Closed Bug 1299403 Opened 8 years ago Closed 7 years ago

incorrect "Your computer thinks it is (date), when it should be (date)" warning

Categories

(Cloud Services :: Server: Remote Settings, defect, P1)

defect

Tracking

(Not tracked)

RESOLVED FIXED

People

(Reporter: glob, Assigned: dmaher)

References

Details

a discussion in #security lead to freddyb reporting that firefox is telling him that his computer's clock is incorrectly set (http://logs.glob.uno/?c=mozilla%23security&s=31+Aug+2016&e=31+Aug+2016#c92236).

> Your computer thinks it is 31.8.2016, when it should be 10.8.2016

i was curious so i did some digging.

it looks like the clock skew detection logic is based on the "date" header returned by firefox.settings.services.mozilla.com.

i see invalid date headers when there's an x-cache:miss from cloudfront, which may trigger invalid clock skew warnings:

here's a forced-refresh response from https://firefox.settings.services.mozilla.com/v1/buckets/monitor/collections/changes/records :

Access-Control-Allow-Origin: *
Age: 2042
Cache-Control: max-age=3600
Connection: keep-alive
Content-Length: 183
Content-Type: application/json; charset=UTF-8
Date: Mon, 08 Aug 2016 22:33:46 GMT
Etag: "1470695074322"
Expires: Mon, 08 Aug 2016 23:33:46 GMT
Last-Modified: Mon, 08 Aug 2016 22:24:34 GMT
Total-Records: 1
Via: 1.1 b08d3fd1ea7c0f4b62f5adbb976ab099.cloudfront.net (CloudFront)
X-Amz-Cf-Id: 5G85_pjWusrVlkwaDhsROoa6mzZf5fHehzyAPitGi4l7Ime6Ka9j9A==
X-Cache: Hit from cloudfront
access-control-expose-headers: Content-Length, Expires, Alert, Retry-After, Last-Modified, Total-Records, ETag, Pragma, Cache-Control, Backoff, Next-Page

then a normal refresh, which results in a 304 not modified:

Connection: keep-alive
Date: Wed, 31 Aug 2016 08:04:12 GMT
Etag: "1470695074322"
Last-Modified: Mon, 08 Aug 2016 22:24:34 GMT
Via: 1.1 b08d3fd1ea7c0f4b62f5adbb976ab099.cloudfront.net (CloudFront)
X-Amz-Cf-Id: egX8MubSmRir2vk9nCh-2k9yDdX5rTjoV22atCM4tmSNqmuFKP0V6A==
X-Cache: Miss from cloudfront
access-control-expose-headers: Content-Length, Expires, Alert, Retry-After, Last-Modified, Total-Records, ETag, Pragma, Cache-Control, Backoff, Next-Page

note the "date" header is incorrect in the first response, and correct in the second.
(In reply to Byron Jones ‹:glob› from comment #0)
> i see invalid date headers when there's an x-cache:miss from cloudfront,
> which may trigger invalid clock skew warnings

oops, that should read "i see invalid date headers when there's an x-cache:hit from cloudfront".
Assignee: nobody → tarek
Component: Security: UI → Server: Kinto
Product: Core → Cloud Services
I checked at the Kinto server level and Date header have got the expected behavior so it seems that CloudFront is caching the Date header for us.
My reading of rfc2616 is that a cache giving the Date from when the "message was originated" is probably correct behavior.

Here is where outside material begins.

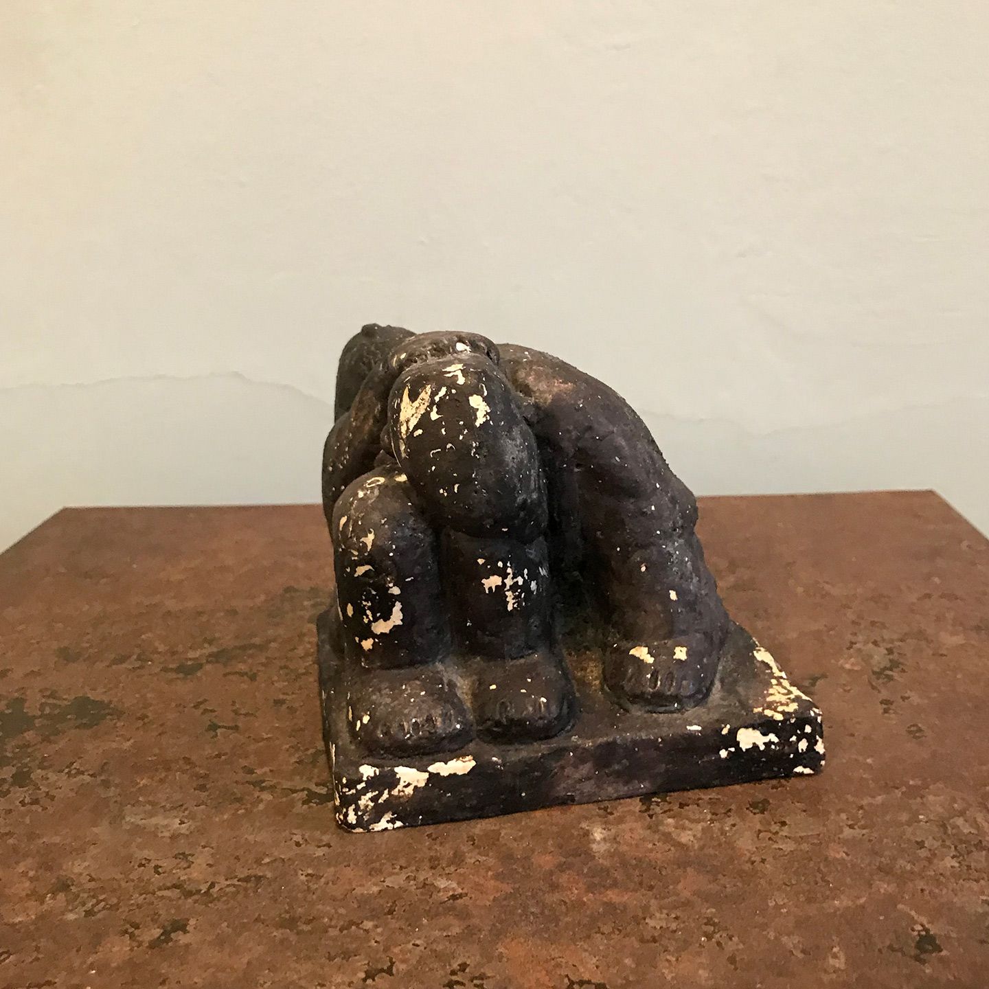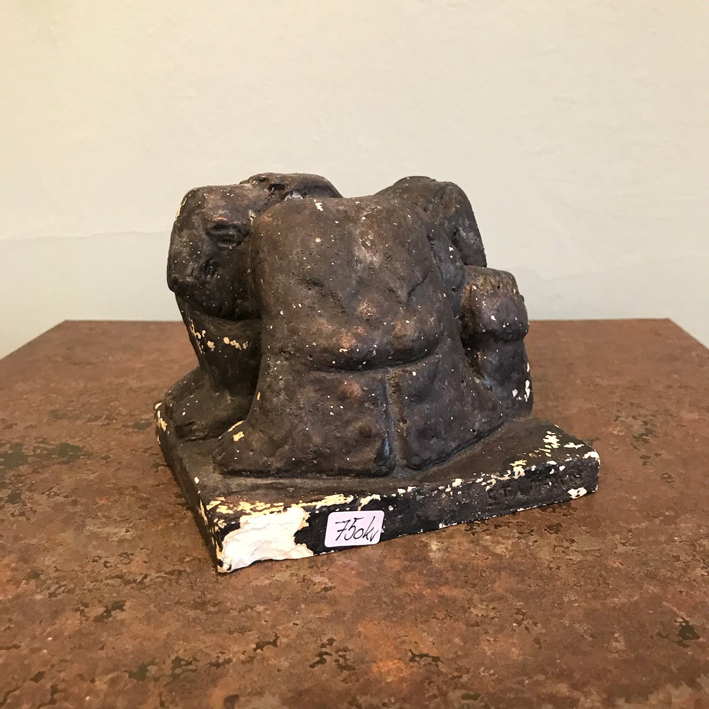 Figur i sort dekoreret gips udført og signeret af den svenske kunstner Stefan Morlind i 1938, forestillende 2 personer tæt sammenslynget.

Given that, he question is: How do we get an (accurate) server time to the client when a CDN is involved?
(In reply to Mark Goodwin [:mgoodwin] from comment #3)
> My reading of rfc2616 is that a cache giving the Date from when the "message
> was originated" is probably correct behavior.

The RFC in question allows for varying behaviour with regards to end-to-end headers depending on whether the intermediary is considered transparent or non-transparent. This explains why some CDNs (et al.) behave in a different way. IMHO, Cloudfront's behaviour is correct within a particular interpretation of the RFC (which is, of course, correct *enough*). ;)

> Given that, he question is: How do we get an (accurate) server time to the
> client when a CDN is involved?

It does *not* appear possible to modify the behaviour of Cloudfront with regards to the Date field; we'll need to look elsewhere for a solution.
(In reply to Daniel Maher [:phrawzty] from comment #4)
> It does *not* appear possible to modify the behaviour of Cloudfront with
> regards to the Date field; we'll need to look elsewhere for a solution.

OK; I think we're looking at one of two solutions here:
1) Something like a periodic no-op update of the changes collection to force the date to update every now and then.
2) Get the server time from the Date header on retrieving the blocklist.xml somehow and pass that into the blocklist-updater.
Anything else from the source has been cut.